За последние годы Искандер не выпустил ни одной новой вещи. Голова была светлая, но…
Помню, лет пять назад я спросил Фазиля, что он сейчас пишет. Фазиль ответил, что не пишет ничего и раздражённо скривился – видимо, похожими вопросами его доставали не раз. Потом объяснил:
- Я как-то спросил прекрасного поэта Семена Липкина, почему он давно не печатает новое. Липкин ответил: я стал забывать слова. А теперь и я забываю слова…
Не пишущий писатель фигура трагическая. Он постоянно грызёт себя, а не грызёт, так грызут окружающие. Над чем работаете, что на письменном столе, когда порадуете новой вещью… Что делать – послать всех матом?

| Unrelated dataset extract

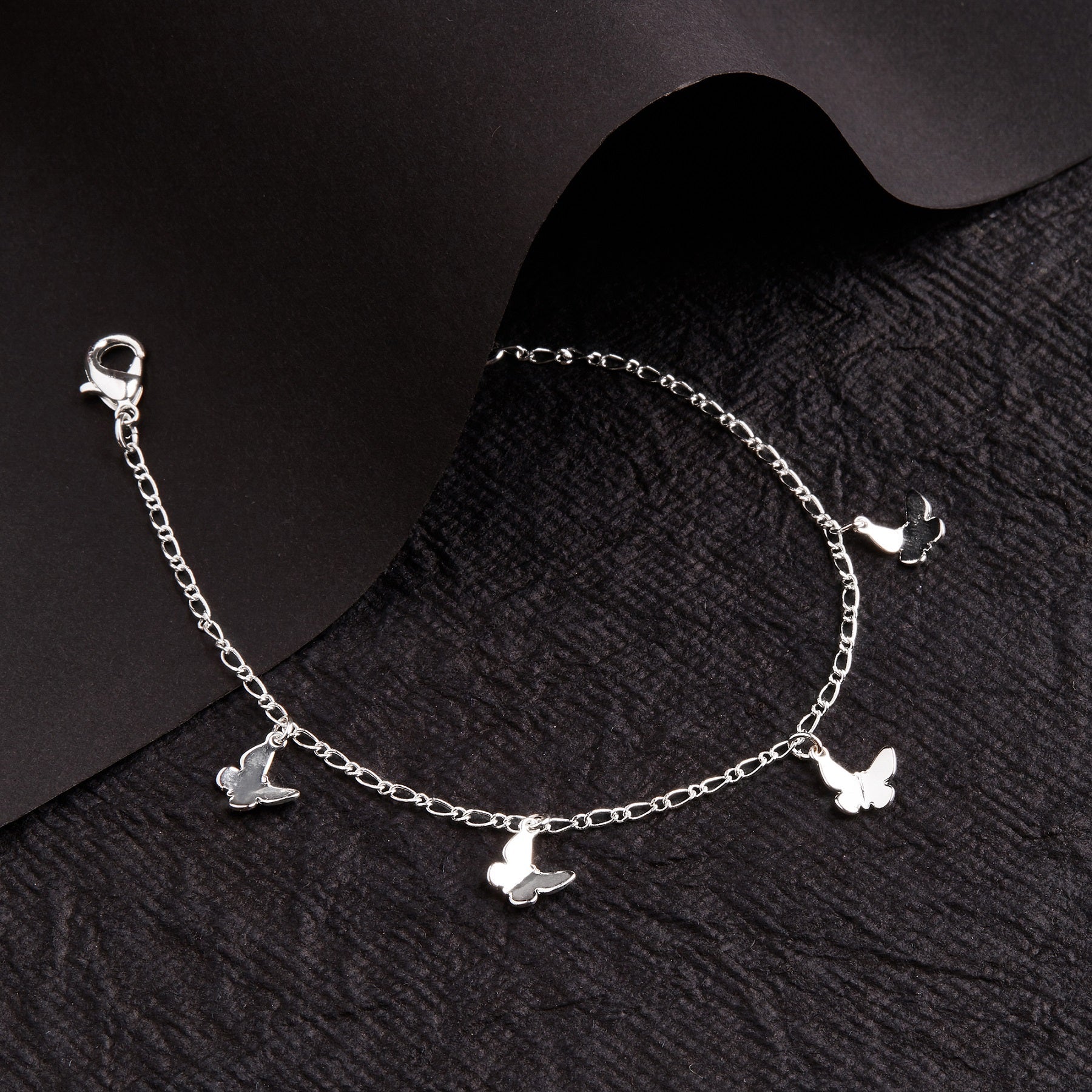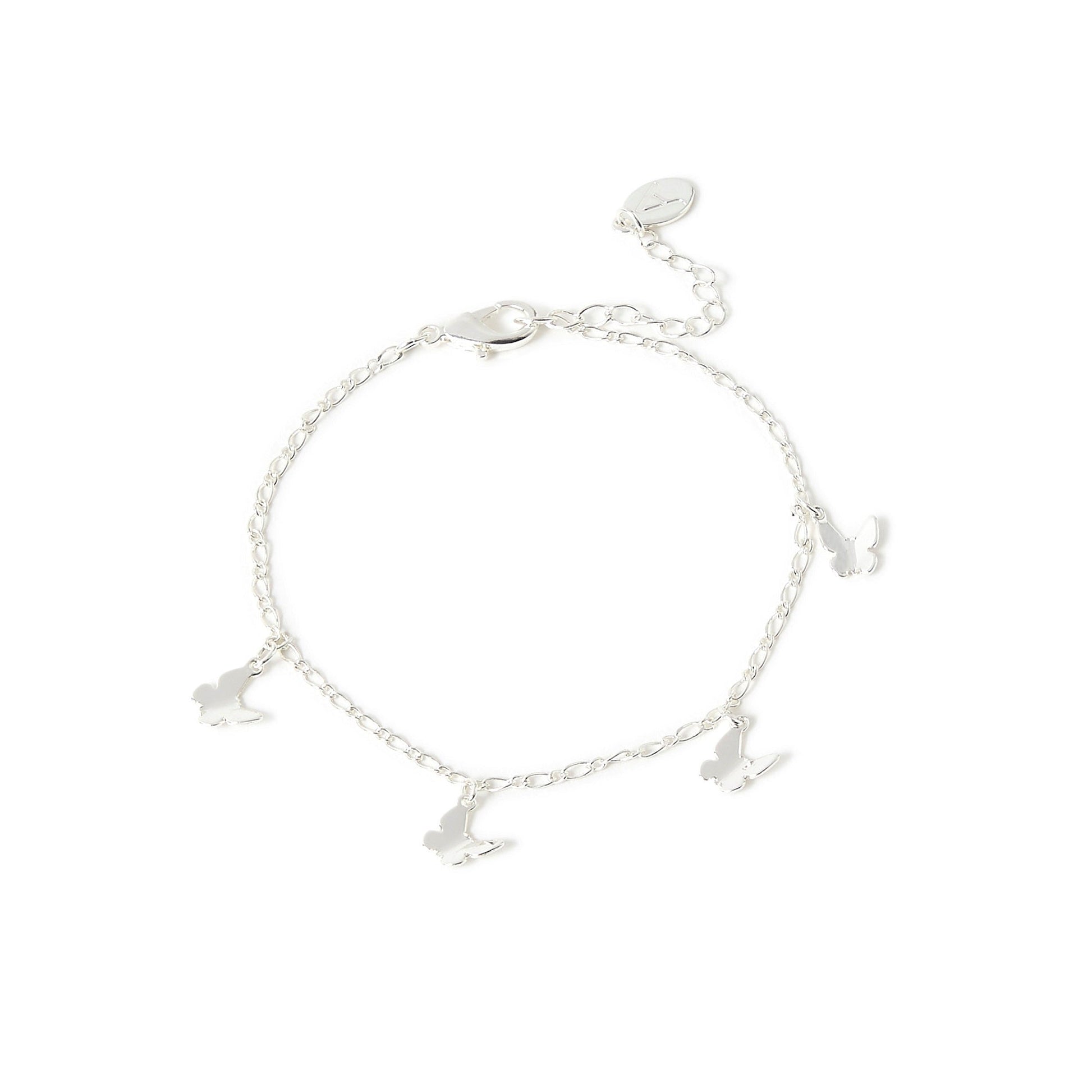 Designed In London.A delicate statement piece that, much like a butterfly, stands out on its own! Crafted in silver-tone metal, this chain bracelet is adorned with solid butterfly charms stationed throughout.

Но это не про интеллигентнейшего Фазиля…
Некоторые литераторы, теряющие способность писать, загодя готовят себе «запасные аэродромы». Кто уходит в педагогику, кто делает политическую карьеру, кто охотно вещает со всех мыслимых трибун или светит популярной физиономией на бесчисленных круглых столах. Искандеру все это не подходило, он был не из породы говорунов. Порой самый простой вопрос заставлял его надолго задумываться, искать фразы, напряженно морщить лоб. Он не был умным человеком в употребительном смысле слова – он был мудрым человеком. Ему очень подходили строчки его любимого Пастернака: «Во всем мне хочется дойти до самой сути». И в стихах, и в прозе, и в публицистике он доходил до сути, как мало кто еще.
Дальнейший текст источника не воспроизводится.